What is the vanishing gradient problem?

Answer

The vanishing gradient problem occurs when gradients become extremely small as they propagate backward through many layers, causing early layers to learn very slowly or not at all. This is especially problematic with sigmoid and tanh activations in deep networks. Solutions include using ReLU activations, residual connections (skip connections), batch normalization, LSTM/GRU cells for recurrent networks, and careful weight initialization schemes like Xavier or He initialization.

Question 14

Explain word embeddings and Word2Vec.

Answer

Word embeddings are dense, low-dimensional vector representations of words where semantically similar words are mapped to nearby points. Word2Vec learns these embeddings using either CBOW (predicting a word from its context) or Skip-gram (predicting context from a word) on large text corpora.
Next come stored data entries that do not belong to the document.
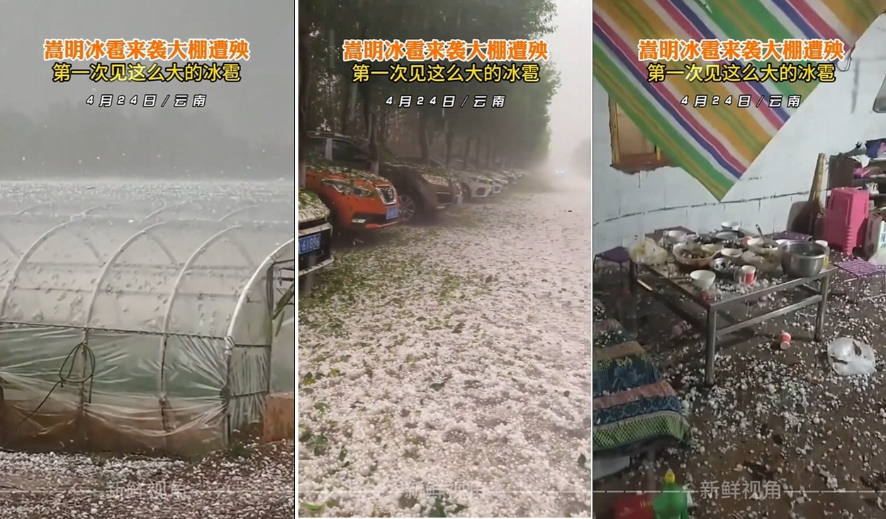 4月24日晚,昆明嵩明、永勝等地突然遭遇冰雹襲擊,雞蛋大小的冰雹,不少車輛前後擋風玻璃被直接砸裂、砸穿,車身受損嚴重。冰雹還砸破了民房的屋頂,農田也覆蓋了一層白白的冰雹,大棚被砸成馬蜂窩,花草樹木被砸爛,大批農作物受損。不少農戶未購買農業保險,賠付困難。在高速路,僅10分鐘就積冰15厘米,場面嚇人。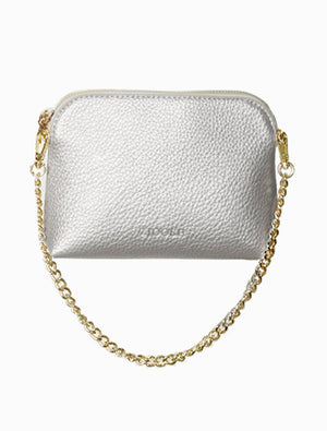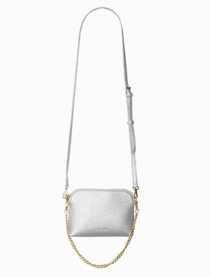 The Hudson Junior's sleek design features gold hardware, a slim PU cross body strap and an elevated gold chain addition. This silver purse's flat base ensures it can rest standing up without falling over. Featuring internal card slots and an external pocket, the Hudson Jr is as functional as she is adorable.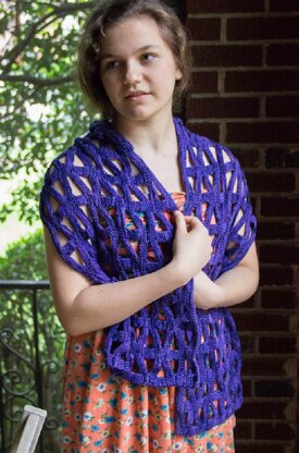 This rectangular shawl highlights all the stitch pattern characteristics of my new Geometric Openwork™ technique depending on how it is worn. The drape of the fabric is wonderful! Worked in For Better or Worsted from Anzula Luxury Fibers it is sure to be a favorite!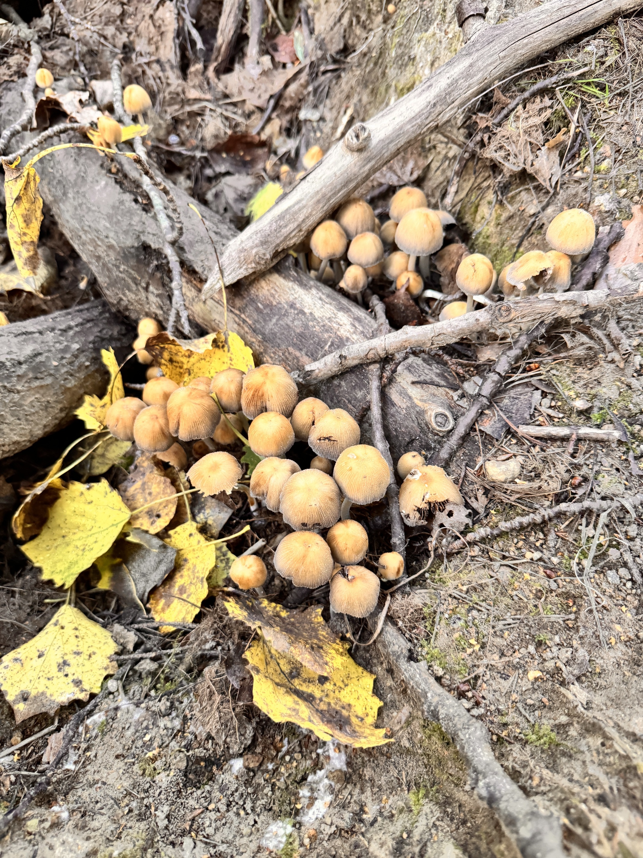 @TapsaM Kiillemustesieniäryhmän sieniä (Coprinellus micaceus). Väärä ympäristö kirjohelttoja ajatellen.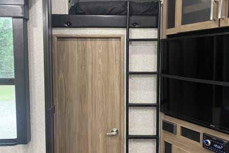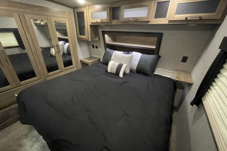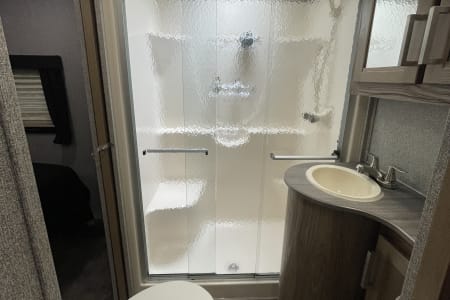 Moving up the stairs to the right of the kitchen is the master bedroom and bath. The bedroom has a queen bed and plenty of storage for your adventure gear. The full bath features a shower, toilet, and sink with storage above.
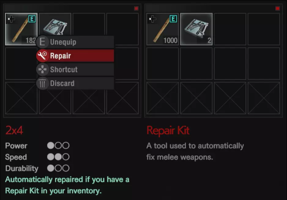 如果玩家的物品栏中至少有1个修理工具包,它会自动将损坏的武器修复至满耐久度。你也可以手动修复武器,方法是选择你想要修复的武器,然后选择修理工具包。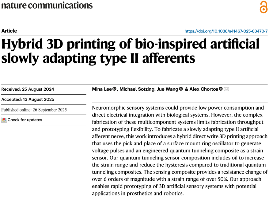 题目:Hybrid 3D printing of bio-inspired artificial slowly adapting type II afferents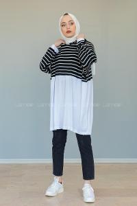 Modalamelif Çizgili Kapşonlu Tunik Siyah Beyaz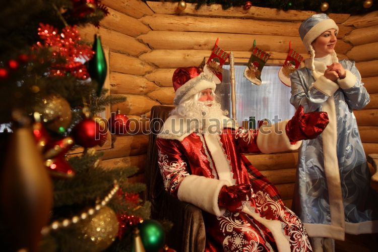 Артисты в костюме Деда Мороза и Снегурочки во время официального открытия резиденции Деда Мороза на Майдане Незалежности в Киеве, в субботу, 22 декабря 2012 г. В этот день в столице состоялось официальное открытие резиденции Деда Мороза. Фото Евгения Малолетки / УНИАН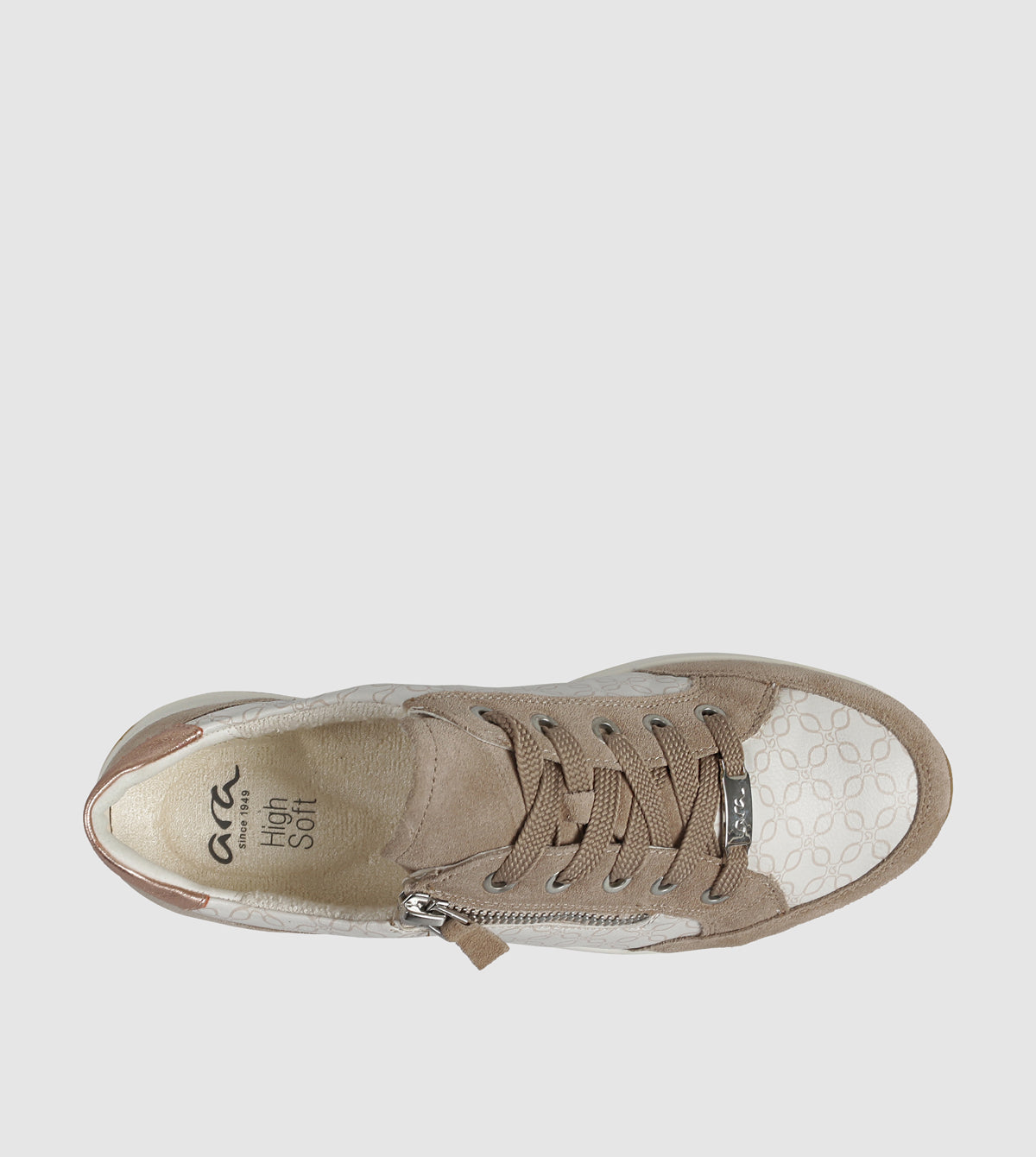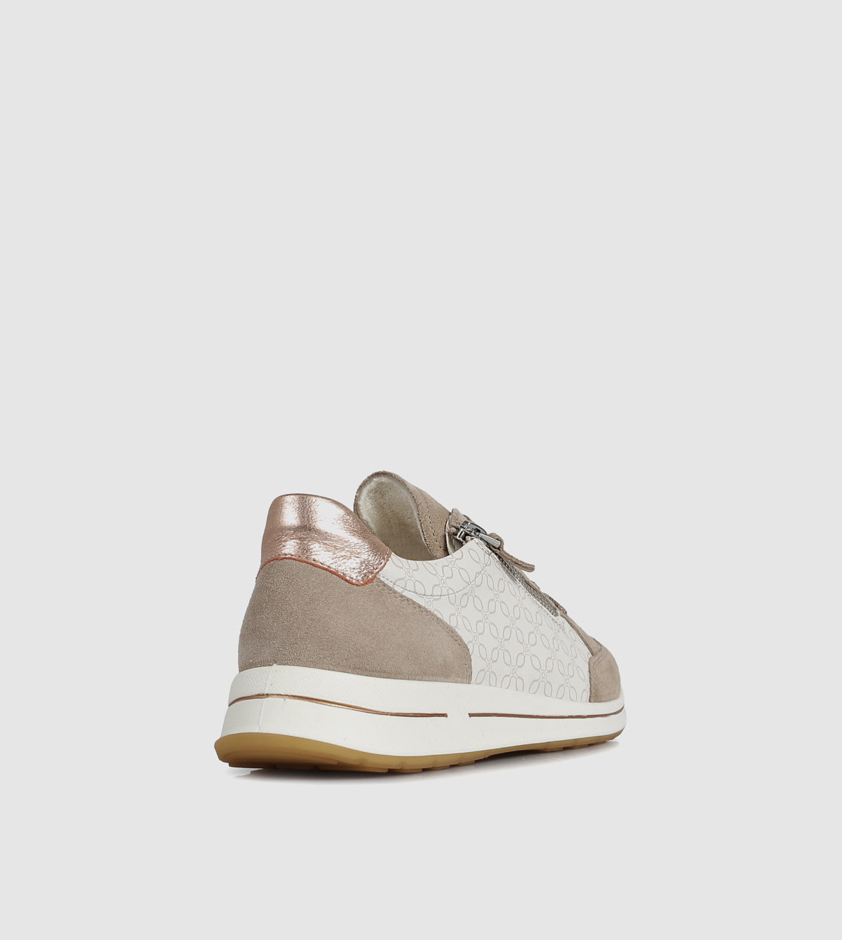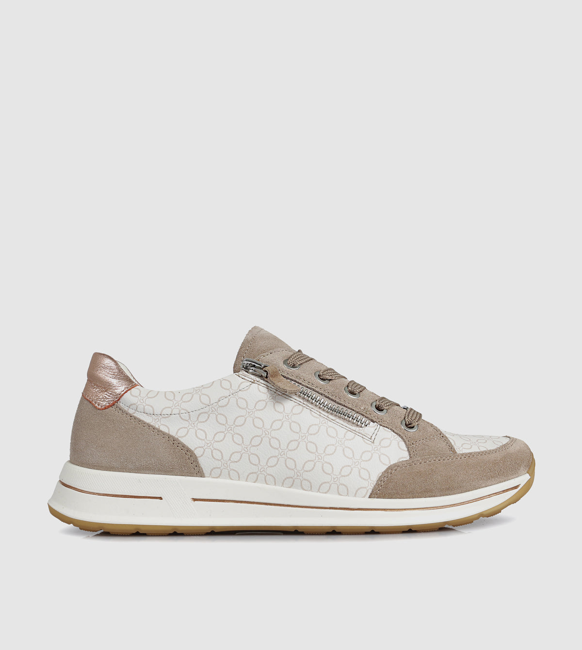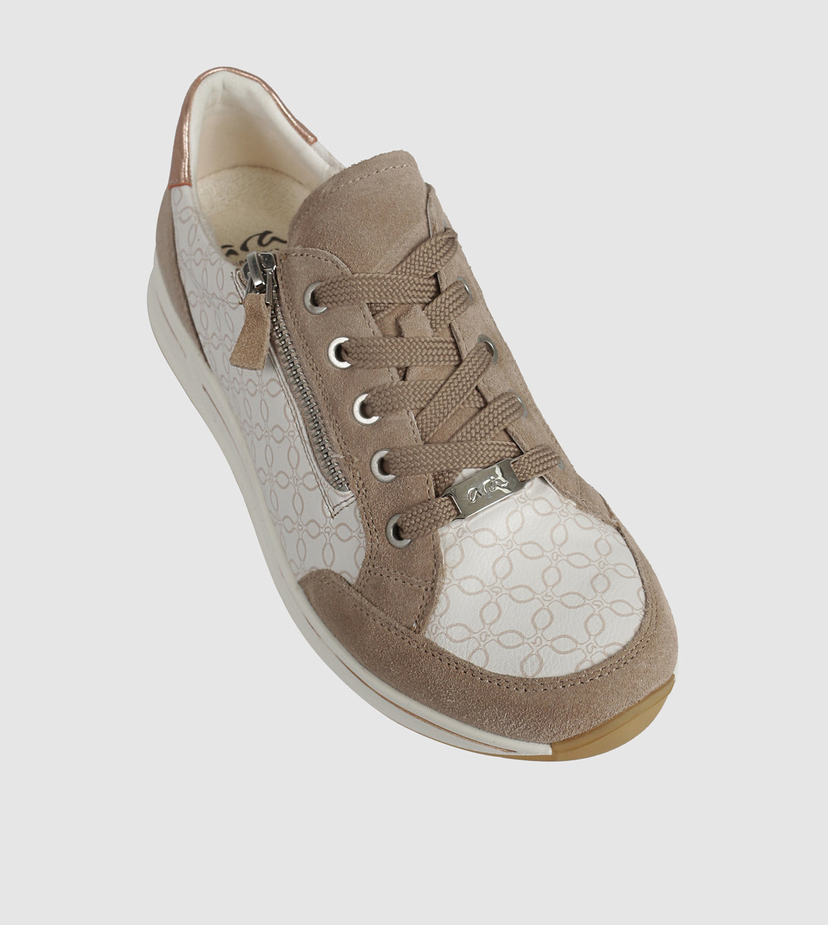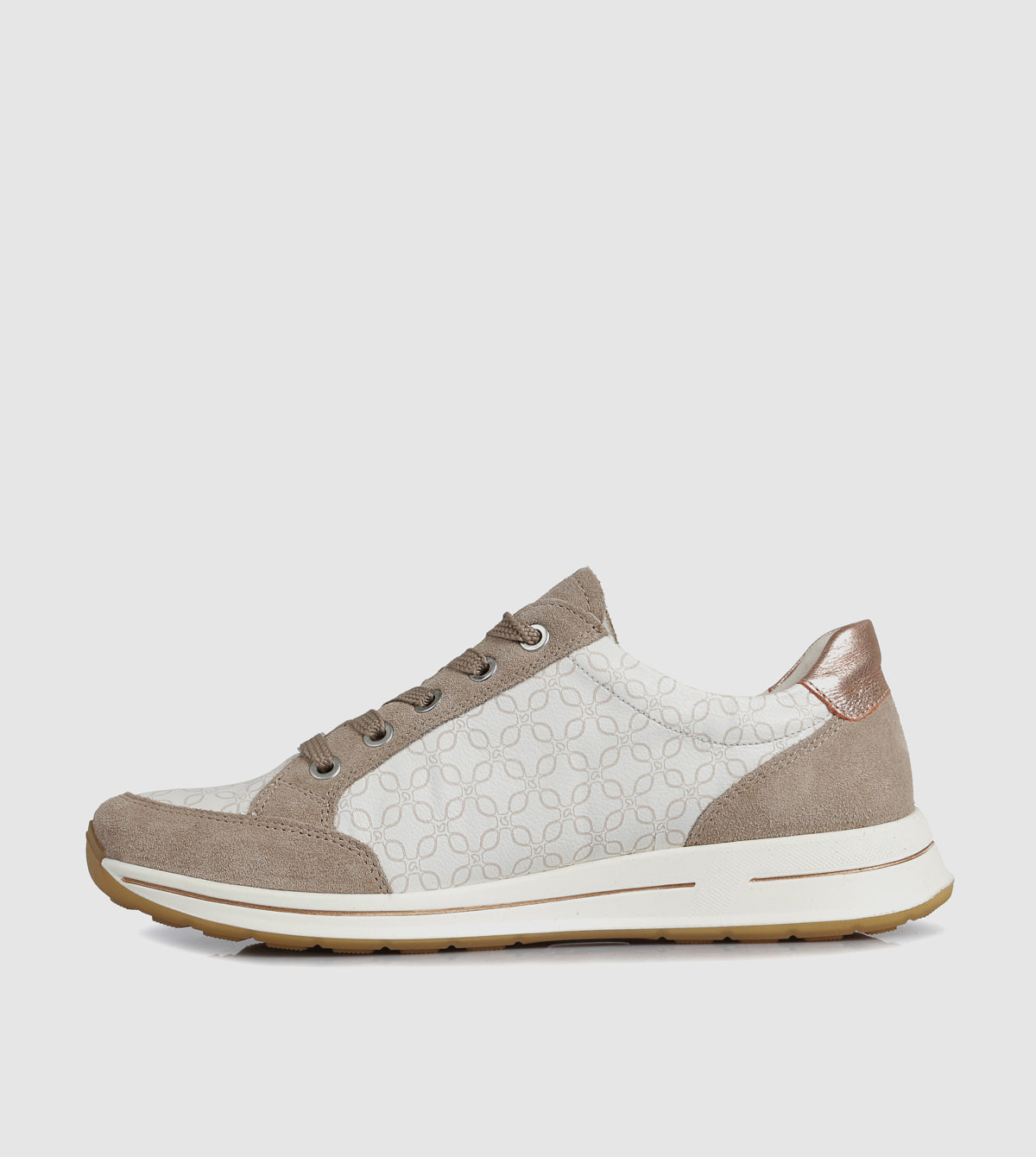 Step into casual elegance with the Enye sneaker by Ara, a versatile choice for everyday wear. This sneaker features a delicate geometric pattern on the upper, paired with soft suede and metallic rose gold accents for a sophisticated touch.Designed with comfort in mind, the Enye provides a cushioned insole and flexible sole for all-day support. Whether you're running errands or meeting friends, the Enye sneaker delivers a refined, athletic look.

The resulting vectors capture semantic relationships: for example, vector('king') - vector('man') + vector('woman') approximates vector('queen'). Modern approaches like BERT use contextual embeddings that vary based on surrounding words.

Question 15

What is the ROC curve and AUC score?

Answer

The ROC (Receiver Operating Characteristic) curve plots the true positive rate against the false positive rate at various classification thresholds. AUC (Area Under the Curve) summarizes the ROC curve as a single number between 0 and 1, where 1 represents perfect classification and 0.5 represents random guessing. AUC is useful because it evaluates model performance across all thresholds rather than at a single point, making it threshold-independent and robust for imbalanced datasets.